After i got off work yesterday, i drove to the LFS and bought 20 feeder fish (guppies) 10 cents each.







I had not fed Killer since the morning and i knew he would enjoy some treats.









So i emptied the water into my net on top of the sink and caught all the fish because i didn't want to bring water into my tank from another tank. i got all 20 and brought them top my 60 gallon and wiggled the net in the water so they can swim out...as soon as i did Killer came up and BAM chopped one in half.

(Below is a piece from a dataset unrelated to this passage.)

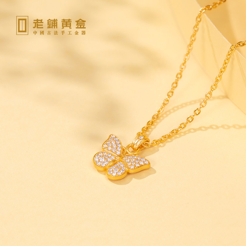 Old shop point diamond ancient method handmade gold inlay diamond butterfly choker gold jewelry

He ate the half and with the quickness caught the other half before it hit the bottom







So for a good 20 minutes i sat back and enjoyed the thrill of the hunt for him. Some of those fuckers were quicker and outsmarted him for a while







I think i counted 9 murdered and diposed of









Anyways when i woke up this morning, what do i see 5 feeder left only









Killer







He does not just kill them, he ate them all. no corpses like his previous piranha buddies


----------



## LOON (Jan 30, 2004)

Nice to see a bit of Fury and no mess to clean !


----------



## Malice (Feb 19, 2004)

hehehehehehe


----------



## zygapophysis (Jul 16, 2004)

should have had them in another tank for a while, by the way what kinda p is "killer"


----------



## Ashfury (Oct 3, 2004)

nice ive started feeding my biggest 2 p's claris catfish


----------



## killerbee (Aug 18, 2004)

zygapophysis said:


> should have had them in another tank for a while, by the way what kinda p is "killer"


 Red Belly







damn, i want 2 mor for my 60 gallon, but i am afraid Killer will go on another murdering spree.


----------



## Larbo669 (Oct 2, 2004)

that is so cool, i cant wait till my p's get like that!!!!


----------



## shutter13 (Jun 23, 2004)

lol nice! my caribes never leave any evidence either...


----------